Uganda MPs approve ending oil imports through Kenya
A key broker of the latest deal to end South Sudan’s civil war diverted European weapons to South Sudan’s military despite an EU arms embargo, a new report says. It also asks how a US military jet ended up deployed in South Sudan in possible violation of arms export controls.
The London-based Conflict Armament Research report , released on Thursday, raises questions about Uganda’s support for neighbouring South Sudan’s government even as it promotes itself as a neutral negotiator in one of Africa’s deadliest conflicts.
South Sudan’s warring sides signed the peace agreement in September to end a five-year civil war that has killed nearly 400 000 people. Previous deals have collapsed in gunfire. The new report is a “forensic picture of how prohibitions on arms transfers to the warring parties have failed,” said Conflict Armament Research’s executive director, James Bevan.
The report says Uganda bought arms and ammunition from at least three EU members – Bulgaria, Romania and Slovakia – that were diverted to South Sudan’s military and armed allies in Sudan. The transfers occurred before the United Nations Security Council imposed its own arms embargo on South Sudan earlier this year but well after the EU embargo.
With the Bulgarian weapons, “South Sudan arranged for Uganda to issue end-user certificates (the essential paperwork for an international arms transfer) … to make it look like these weapons were for the use of the Ugandan armed forces when in fact they were always destined for South Sudan,” said Mike Lewis, the head of regional operations for Conflict Armament Research.
It is less clear whether Uganda’s government, a key US security ally in the region, was complicit in the diversion of ammunition shipped to it from Romania and Slovakia in 2015, Lewis said.

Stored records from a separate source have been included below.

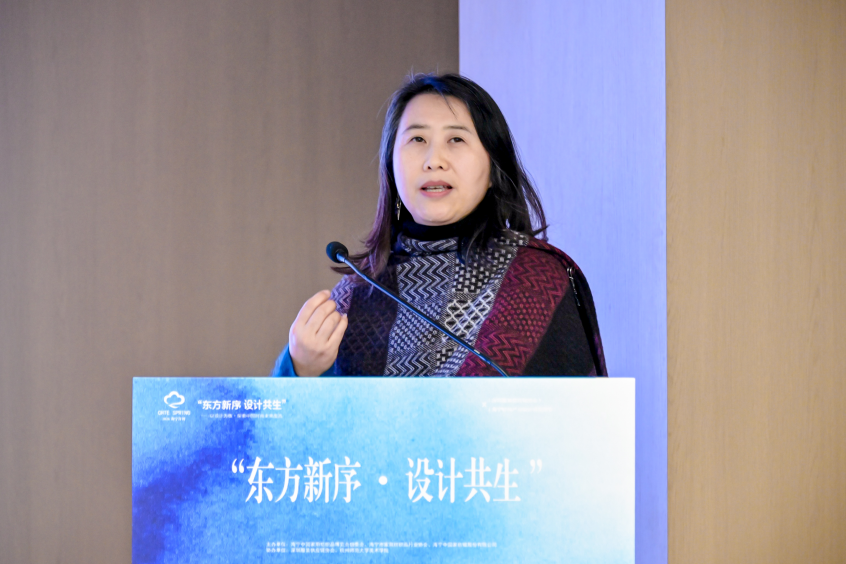 ![]() 十年沉淀,根基已成。杭州师范大学美术学院教授孙尔介绍了杭师大美术学院高端设计师孵化中心的发展历程和核心成果,系统阐述了该中心依托当地纺织产业基础所实现的社会、经济与育人三大价值协同,并规划了未来深化产教融合、推动原创设计赋能产业升级的发展路径。依托许村强大的纺织品面料产业环境,杭师大美术学院高端设计师孵化中心提出“从源头纱线—设计—面料—成品”的全链条“全面设计”理念,该思路契合国家重视原创设计、文化赋能与产业升级的政策导向,将设计、艺术及传统文化转化为现实生产力。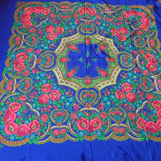Хочу показать и я свое последнее приобретение. Я платки в последнее время практически не покупаю, но в эту шаль влюбилась с первого взгляда, бегала на нее смотреть и в конце концов купила, не удержалась. Шаль туркменская, есть даже надпись - обожаю вязь, загадочные буквы, теперь у меня и шаль и кольцо есть с восточными надписями вязью. Но художник, мне кажется, павлопосадский и у меня даже есть подозрение на одного, но пока не буду высказывать, подожду, может быть, понимающий народ выскажется. Характер шали - сдержанный, элегантный, немного торжественный и я, бы сказала, концертный. Уже вторая у меня туркменская сдержанная красотка. Набойка ручная, на мой глаз. Прошу любить и жаловать.
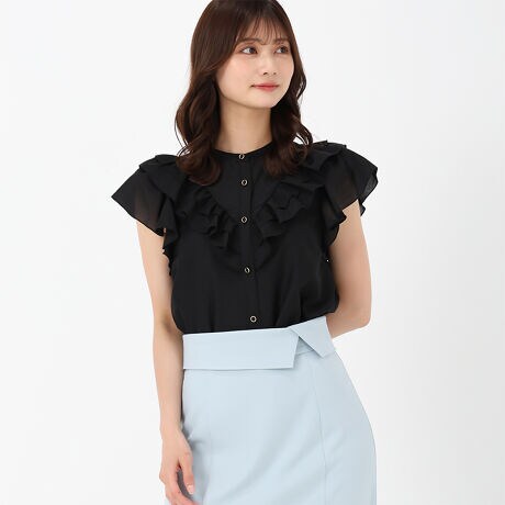 V字のフリルが華やかに装うブラウス。ふんわりとしたフリルのボリューム感でスタイリングも女性らしい印象に。気になる二の腕を華奢に見せてくれる嬉しい効果も期待できます。普段使いはもちろん、デートやオフィスコーデにと、幅広く活躍してくれるアイテムです。■fabric透け感[有り]裏地[無し]伸縮性[やや有り]生地の厚さ[薄手]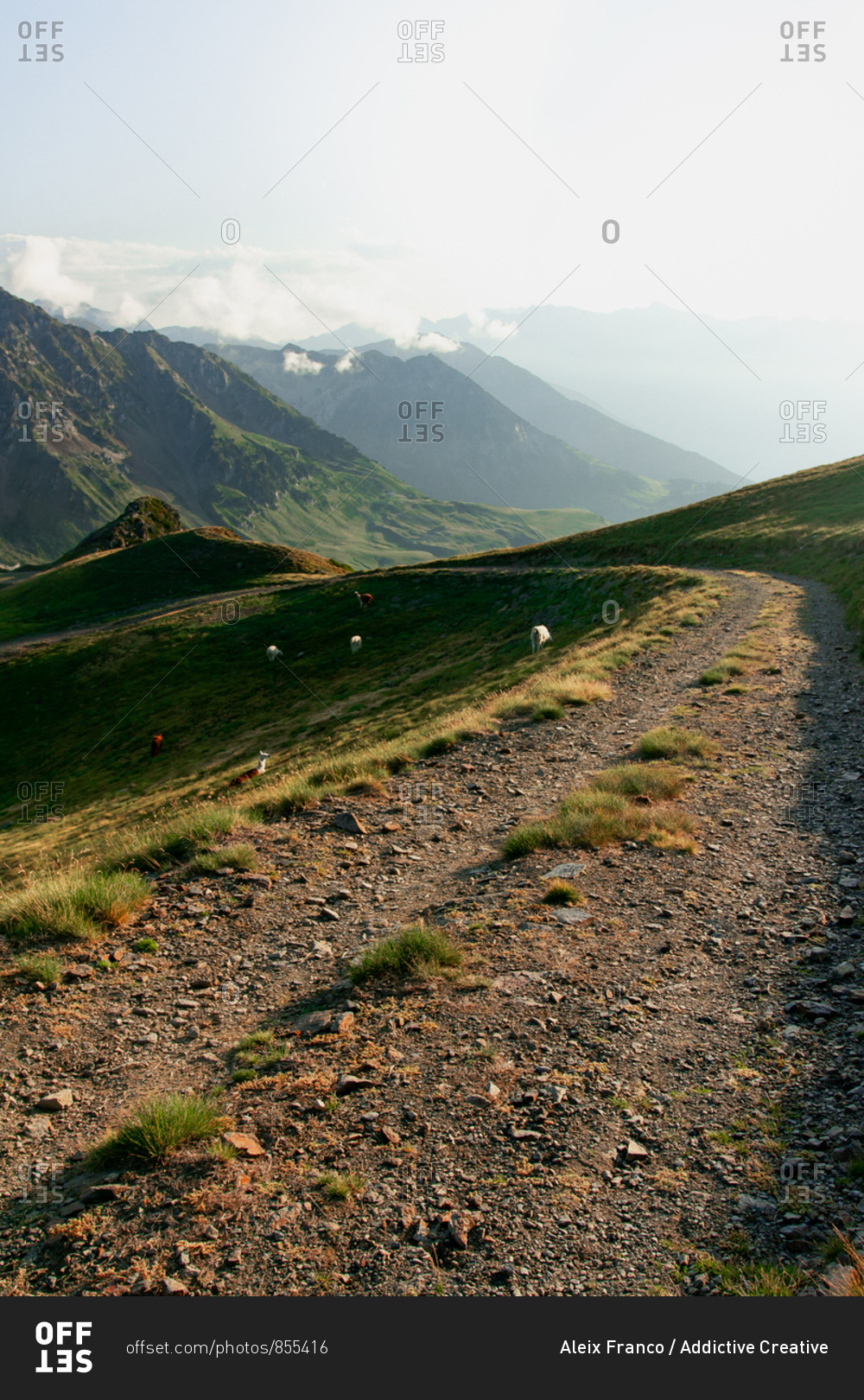 Dirt path extending inland to mossy mountains in foggy mist under cloudy sky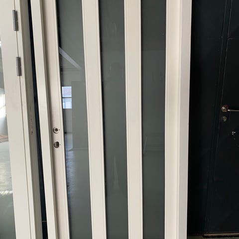 Scandiline TRAL-F3-13 facadedør i træ/alu med 3 glasfelter. Døren har udvendig og indvendig hvid profil og måler ca. 93,4 cm i bredde og 217,3 cm i højde. Konstruktionen er i træ med udvendig aluminiumsbeklædning og matteret glasfelter, som giver lysindfald med afskærmet indkig. Velegnet som facadedør i bolig eller tilbygning, hvor der ønskes en enkeltfløjet dør med glasfelter.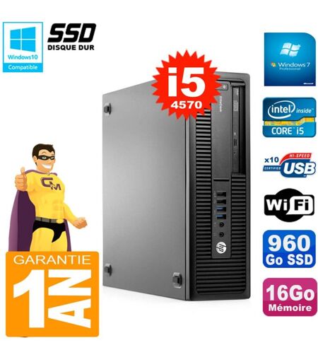 PC HP EliteDesk 800 G1 SFF Core I5-4570 RAM 16Go 960 Go SSD Graveur DVD Wifi W7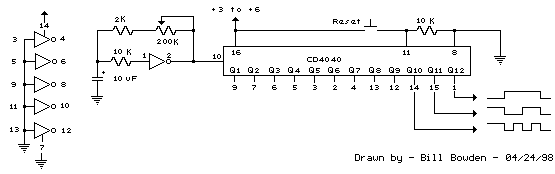 在12級二進制計數器(CD4040)的每個連續級處將頻率除以2,在最終級(Q12)切換到高狀態之前產生大約1小時的時間.通過調整振蕩器頻率或使用不同的RC值可以獲得更長或更短的時間.當前級切換到低狀態(0伏)時,每個連續級改變狀態,因此每級的頻率是之前級的頻率的一半.最后3個階段顯示波形圖.要開始延遲周期,可以通過暫時將復位線(引腳11)連接到正電源來將計數器復位為零.時序精度不如石英晶體振蕩器好,并且可能只有1或2%左右,具體取決于振蕩器電容的穩定性. 電話環發生器使用開關電源

Some of the ammunition was discovered with Sudan-based militias allied with South Sudan’s military.
Uganda’s government did not reply to evidence sent to it, Lewis said. Uganda’s military spokesperson, Brigadier Richard Karemire, told The Associated Press he had not seen the report. “For us, we support the peace process in South Sudan,” he said.
South Sudan’s information minister Michael Makuei Lueth rejected the findings as fake. “We don’t even have money to buy arms and now we need money for the peace agreement,” he told the AP. He added: “How can they pass an arms embargo and expect others to abide by it? If the EU has passed an arms embargo that’s up to them, but we in African countries, we’re not a member of the EU and we’re not bound by it.”
As for the exporting countries, there is no suggestion they were complicit in, or even aware of, the diversion, the new report says.